Subsidies to encourage breeding programs
A guideline on promoting the high-quality development of the animal husbandry industry issued by the General Office of the State Council on Sept 27 outlined priorities to boost the sector’s efficiency and competitiveness.
Efforts will be made to form a new high-quality development pattern in the sector that will see greater efficiency, safer products, efficient resource use, environmentally friendly production and effective regulation.

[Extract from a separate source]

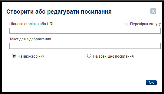 Наприклад, для статті з назвою «Івано-Франківськ» (відобразиться за замовчуванням) можна вказати просто «Франківськ». - Переконавшись, що Ви ввели правильні дані, натисніть «ОК» для створення посилання.

According to the guideline, the nation’s self-sufficiency rate for hog products should stay at about 95 percent, with beef and mutton at about 85 percent and the rate for dairy products at about 70 percent.
It also said more than 70 percent of livestock and poultry breeding should be done on a large scale by 2025, and more than 75 percent by 2030.
The guideline called for efforts to facilitate the development of a modern farming system and strengthen the cultivation and promotion of exceptional breeds. To that end, subsidies will be provided to aid breeding programs in pastoral areas.
It also called for further improvements to the country’s animal disease prevention system.
To build a modern processing and distribution system, the overall quality of the slaughtering and processing industry should be further improved, with largescale, privately owned slaughtering enterprises established or revamped and small slaughtering stalls removed or merged.
A cold-chain processing and transportation system for livestock and poultry products should be improved in an efficient manner, the guideline said.
Cutting-edge technologies, including big data, artificial intelligence, cloud-computing and the internet of things, should play a bigger role in animal husbandry, it added.